## [Work to be completed]
Every entry is to be reproduced word for word, but the images are not.

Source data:

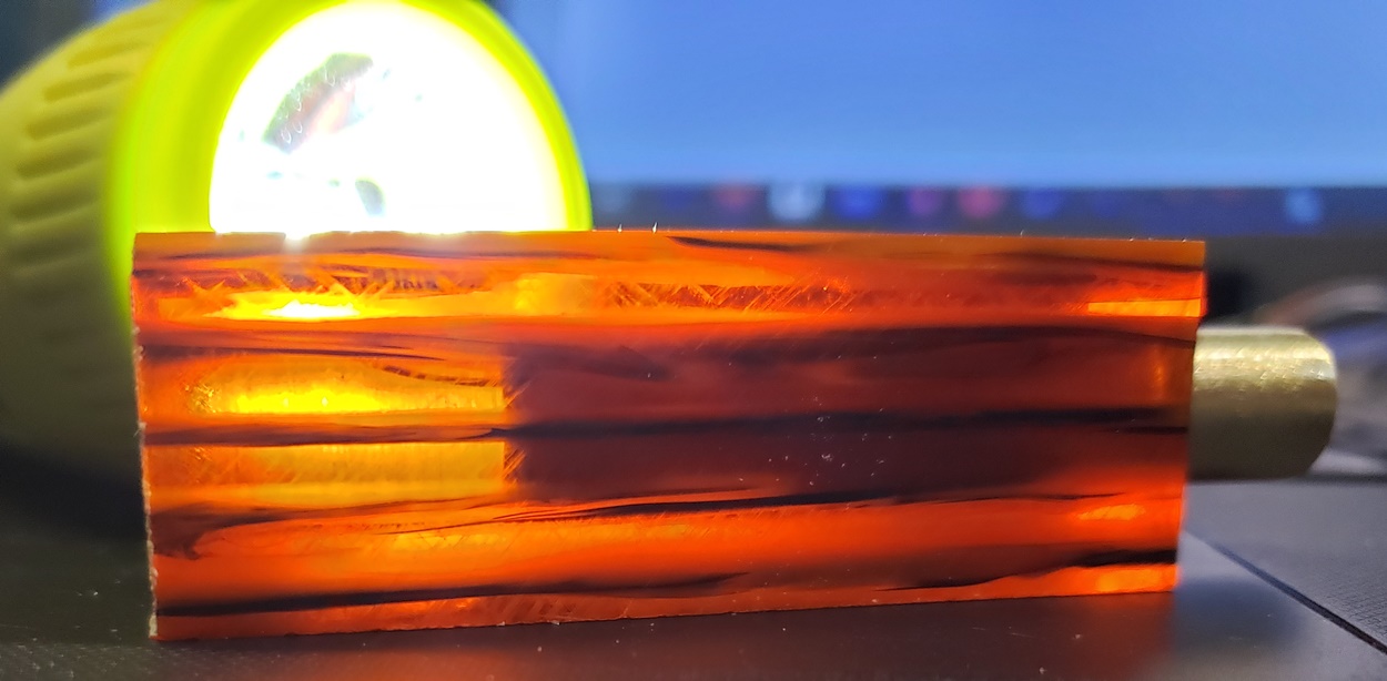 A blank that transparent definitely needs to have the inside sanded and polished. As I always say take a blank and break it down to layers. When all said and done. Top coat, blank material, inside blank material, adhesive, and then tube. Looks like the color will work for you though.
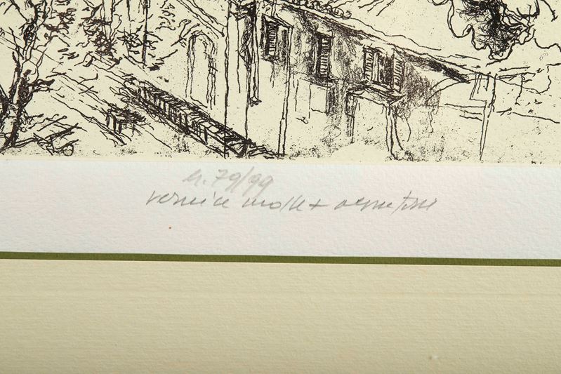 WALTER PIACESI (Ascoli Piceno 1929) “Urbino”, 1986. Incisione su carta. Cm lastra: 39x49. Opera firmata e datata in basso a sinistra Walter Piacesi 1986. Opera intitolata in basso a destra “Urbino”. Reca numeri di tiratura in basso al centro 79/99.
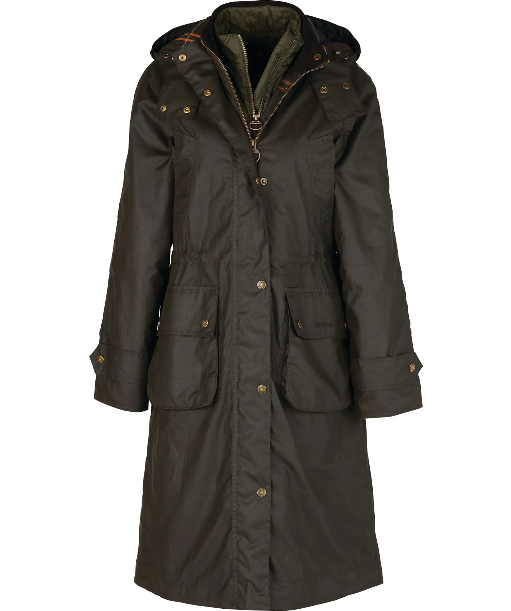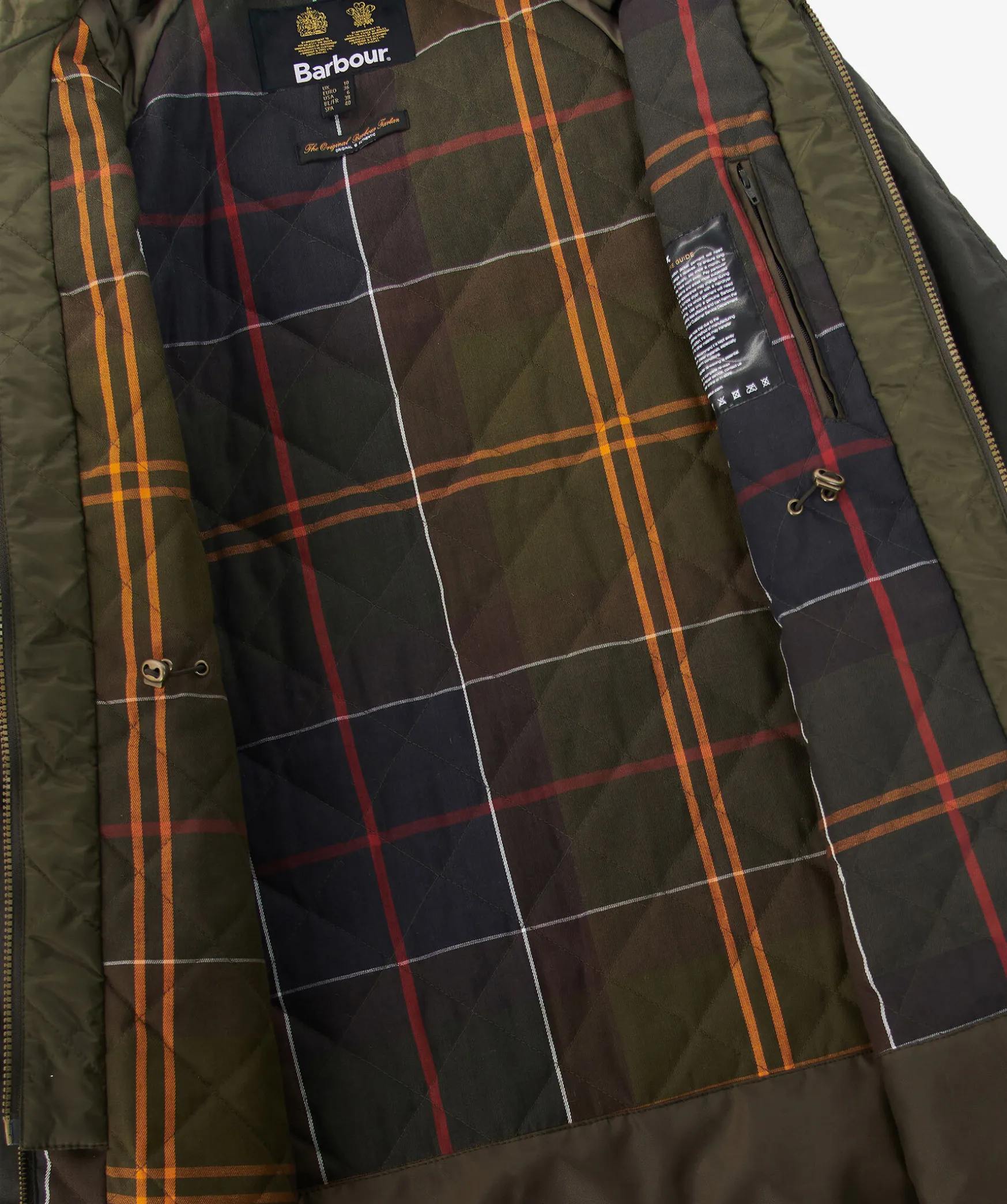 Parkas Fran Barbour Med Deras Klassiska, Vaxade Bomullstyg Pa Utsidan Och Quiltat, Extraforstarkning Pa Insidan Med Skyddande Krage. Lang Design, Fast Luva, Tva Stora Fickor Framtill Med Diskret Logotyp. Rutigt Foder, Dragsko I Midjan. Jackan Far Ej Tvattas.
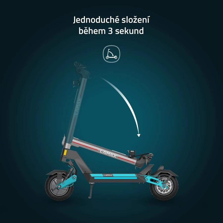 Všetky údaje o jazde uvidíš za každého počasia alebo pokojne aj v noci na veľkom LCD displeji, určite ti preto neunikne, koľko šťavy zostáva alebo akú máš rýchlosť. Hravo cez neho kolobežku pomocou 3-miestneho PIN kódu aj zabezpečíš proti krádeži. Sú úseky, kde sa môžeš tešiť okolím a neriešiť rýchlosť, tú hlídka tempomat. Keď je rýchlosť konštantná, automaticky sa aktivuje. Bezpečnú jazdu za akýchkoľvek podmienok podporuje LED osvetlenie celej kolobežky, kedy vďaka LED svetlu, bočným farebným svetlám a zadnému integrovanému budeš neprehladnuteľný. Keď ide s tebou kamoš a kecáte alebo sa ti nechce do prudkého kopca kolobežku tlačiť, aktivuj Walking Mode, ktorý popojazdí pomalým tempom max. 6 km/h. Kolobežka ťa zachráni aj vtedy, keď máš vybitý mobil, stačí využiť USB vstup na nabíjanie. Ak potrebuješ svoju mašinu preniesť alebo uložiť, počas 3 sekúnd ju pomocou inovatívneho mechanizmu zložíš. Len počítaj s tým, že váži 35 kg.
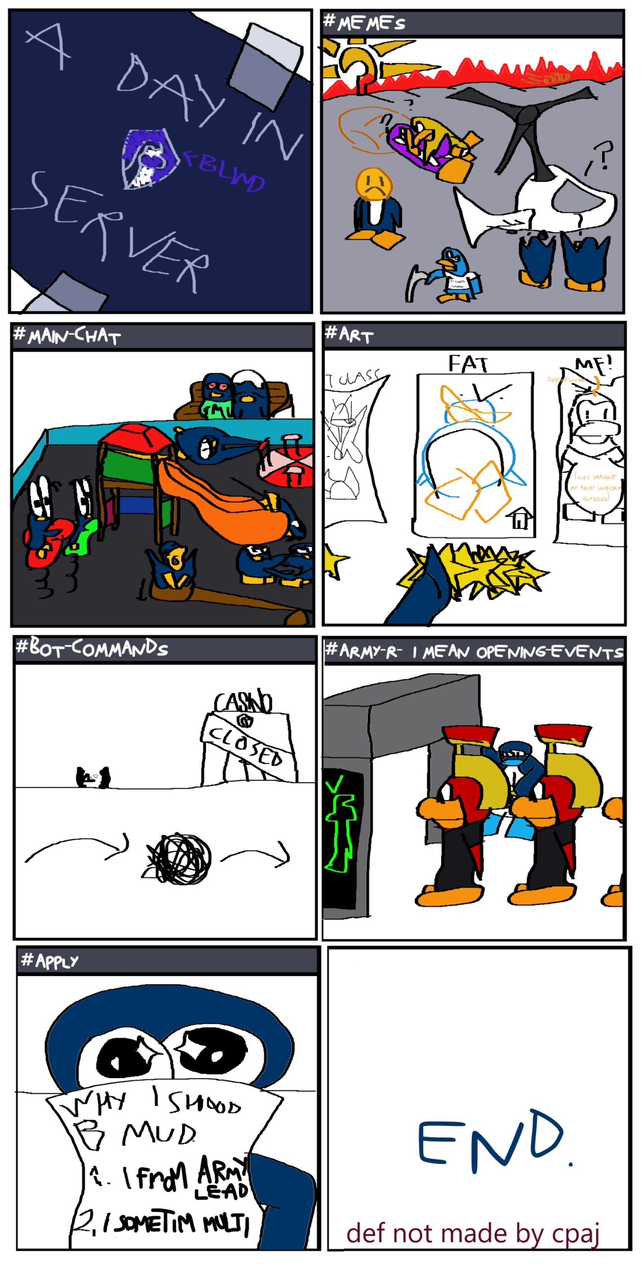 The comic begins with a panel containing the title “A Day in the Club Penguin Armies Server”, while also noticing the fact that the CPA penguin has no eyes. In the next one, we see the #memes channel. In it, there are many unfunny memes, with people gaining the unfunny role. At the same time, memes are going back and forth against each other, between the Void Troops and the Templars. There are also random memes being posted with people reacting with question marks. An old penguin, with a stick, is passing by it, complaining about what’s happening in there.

## [Task answer]
 A blank that transparent definitely needs to have the inside sanded and polished. As I always say take a blank and break it down to layers. When all said and done. Top coat, blank material, inside blank material, adhesive, and then tube. Looks like the color will work for you though.
 WALTER PIACESI (Ascoli Piceno 1929) “Urbino”, 1986. Incisione su carta. Cm lastra: 39x49. Opera firmata e datata in basso a sinistra Walter Piacesi 1986. Opera intitolata in basso a destra “Urbino”. Reca numeri di tiratura in basso al centro 79/99.
 Parkas Fran Barbour Med Deras Klassiska, Vaxade Bomullstyg Pa Utsidan Och Quiltat, Extraforstarkning Pa Insidan Med Skyddande Krage. Lang Design, Fast Luva, Tva Stora Fickor Framtill Med Diskret Logotyp. Rutigt Foder, Dragsko I Midjan. Jackan Far Ej Tvattas.
 Všetky údaje o jazde uvidíš za každého počasia alebo pokojne aj v noci na veľkom LCD displeji, určite ti preto neunikne, koľko šťavy zostáva alebo akú máš rýchlosť. Hravo cez neho kolobežku pomocou 3-miestneho PIN kódu aj zabezpečíš proti krádeži. Sú úseky, kde sa môžeš tešiť okolím a neriešiť rýchlosť, tú hlídka tempomat. Keď je rýchlosť konštantná, automaticky sa aktivuje. Bezpečnú jazdu za akýchkoľvek podmienok podporuje LED osvetlenie celej kolobežky, kedy vďaka LED svetlu, bočným farebným svetlám a zadnému integrovanému budeš neprehladnuteľný. Keď ide s tebou kamoš a kecáte alebo sa ti nechce do prudkého kopca kolobežku tlačiť, aktivuj Walking Mode, ktorý popojazdí pomalým tempom max. 6 km/h. Kolobežka ťa zachráni aj vtedy, keď máš vybitý mobil, stačí využiť USB vstup na nabíjanie. Ak potrebuješ svoju mašinu preniesť alebo uložiť, počas 3 sekúnd ju pomocou inovatívneho mechanizmu zložíš. Len počítaj s tým, že váži 35 kg.
 The comic begins with a panel containing the title “A Day in the Club Penguin Armies Server”, while also noticing the fact that the CPA penguin has no eyes. In the next one, we see the #memes channel. In it, there are many unfunny memes, with people gaining the unfunny role. At the same time, memes are going back and forth against each other, between the Void Troops and the Templars. There are also random memes being posted with people reacting with question marks. An old penguin, with a stick, is passing by it, complaining about what’s happening in there.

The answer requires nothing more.